The Teifi Valley Trail presents a 134-km challenge, starting in the so-called “green desert of Wales” among the Cambrian Mountains at the Teifi Pools, source of the River Teifi. It explores the Cors Caron National Nature Reserve and its bogs, abbeys, mines, and waterfalls, before arriving at the dunes and marshes of Poppit Sands beach.
The hike can be completed as an eight-day epic or broken into sections. Part one is a 50-km, three-day walk from Pontrhydfendigaid village, past 12-century monastery ruins, towards Lampeter. Part two is a shorter 35-km stretch taking in market towns and (beware!) a floodplain, while part three entails 48 km and treats the eyeballs to 14th-century vestiges and independent shops at Newcastle Emlyn, as well as a wool museum in Dre-fach Felindre, and breathtaking scenery of the Teifi River Gorge.
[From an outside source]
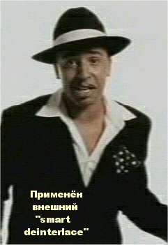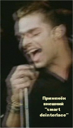 Здесь можете посмотреть моё сравнение с применением "deinterlacing mode". Многие считают, что применение внешнего фильтра "smart deinterlace" - лучшее решение... Я провёл эксперимент: взял 2 клипа (в одном клипе "smart deinterlace" - удачен, а во втором - нет). Во внутреннем "deinterlace" применялась функция "Blend" (к сведению). Оба клипа были захвачены в одно и то же время друг за другом, с одинаковой полной резолюцией (768x576) и с одинаковым data rate=7 Мб/c На этих картинках визуально можно посмотреть разницу между этими двумя, вроде на первый взгляд одинаковыми, клипами... Отсюда делайте выводы, что и когда надо использовать! Все клипы, видимо, разные по структуре??? (бывают фильмы переделанные из прогрессивного в чрезстрочный или возможно был сделан "telecine" - метод преобразования частоты кадров из 24fps в 30fps). Я перед кодированием делаю визуальную проверку в правом окне VirtualDub (окно выходного видео), чтобы просмотреть какой "deinterlace" фильтр лучше применить для текущего клипа. Пойдём дальше и добавим ещё фильтр "re-size" - уменьшение или увеличение изображения

The Teifi Valley Trail website said the “truly rural” route embraces “nature reserves, woodlands, floodplains and marshes, and finally the estuarine panoramas towards the coast,” adding that the walk traverses “a profoundly historic part of Wales, and the countryside through which the trail passes still bears witness equally to the ancient and to the relatively recent industrial past.”
For a more coastal adventure, the second new walk hitting Welsh maps in 2026 launched in February. The Fishguard and Goodwick Heritage Trail is a free self-guided route, celebrating 2,000 years of history. It brings together 46 sites, from iron age and ancient Celtic monuments, to modern rugby and wrestling legends, commemorations for 18th-century pirate attacks, and filming locations for Moby Dick, across the two maritime Pembrokeshire towns.
Jeremy Martineau of North Pembrokeshire Trade & Tourism explained the concept behind the spots chosen to feature on the trail: “Tourism today is about stories as much as scenery, and Fishguard has an extraordinary number of them for a town of its size,” he said, noting, “this trail shows how smaller places can celebrate what makes them distinctive and use their history to enrich both the visitor experience and the local economy.”
The Fishguard and Goodwick Heritage Trail is not only about the visitor economy, though. Martineau insists the new walk will make a difference to local residents too. He said, “When people understand the history of where they live, it builds pride in place and a stronger sense of community. This trail brings our shared stories out into the open—not just for visitors, but for residents too—and helps explain why Fishguard is such a special place to call home.”
For those who cannot reach Wales itself this year, Visit Wales has launched an immersive, mindful podcast designed to offer streamers a “multi-sensory escape” in the beauty of Welsh landscapes.